I use VB 2008 Express Edition, and I cannot get my multiple form application to work correctly. I am trying to get frmNext to show up after frmInput is done. So, in frmInput's button click event, I type in strName = TextBox1.Text, frmNext.Show(), and Unload frmInput. Unload does not work in vb 2008 anymore I guess, because it gave me an error. So, I typed in Me.Close(), which closes the application altogether. So, I decided to go into frmNext's form load event and type in Me.Text = strName and frmInput.Close(), which causes the entire program to close. I need help getting frmNext to show up and frmInput to close down.


----------



## ShadowFold (Mar 5, 2008)

Ah im not that great yet but could you post the whole code?
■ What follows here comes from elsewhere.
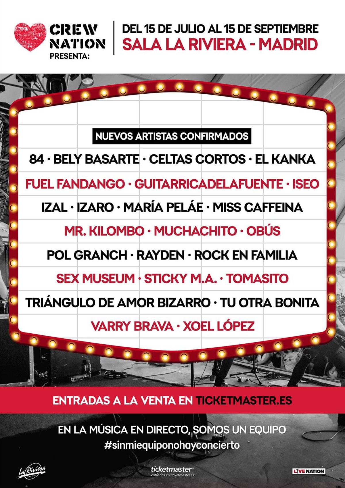 Crew Nation Presenta, el ciclo de conciertos en colaboración con La Riviera madrileña para recaudar fondos y dar visibilidad a los técnicos de artistas, músicos y personal de gira, anuncia diez nuevos artistas que se suman a esta iniciativa y que actuarán entre el 15 de julio y el 15 de septiembre en la capital.

I could probly help ive been using it for a few years now.


----------



## dcf-joe (Mar 5, 2008)

Option Explicit On
Module Module1
    Public strName As String
End Module

Option Explicit On
Public Class frmInput

    Private Sub Button1_Click(ByVal sender As System.Object, ByVal e As System.EventArgs) Handles Button1.Click
        strName = TextBox1.Text
        frmNext.Show()
        Me.Close()

    End Sub
End Class

Option Explicit On
Public Class frmNext

    Private Sub frmNext_Load(ByVal sender As System.Object, ByVal e As System.EventArgs) Handles MyBase.Load
        Me.Text = strName
    End Sub
End Class


----------



## Kreij (Mar 5, 2008)

Create a module with a Sub "Main"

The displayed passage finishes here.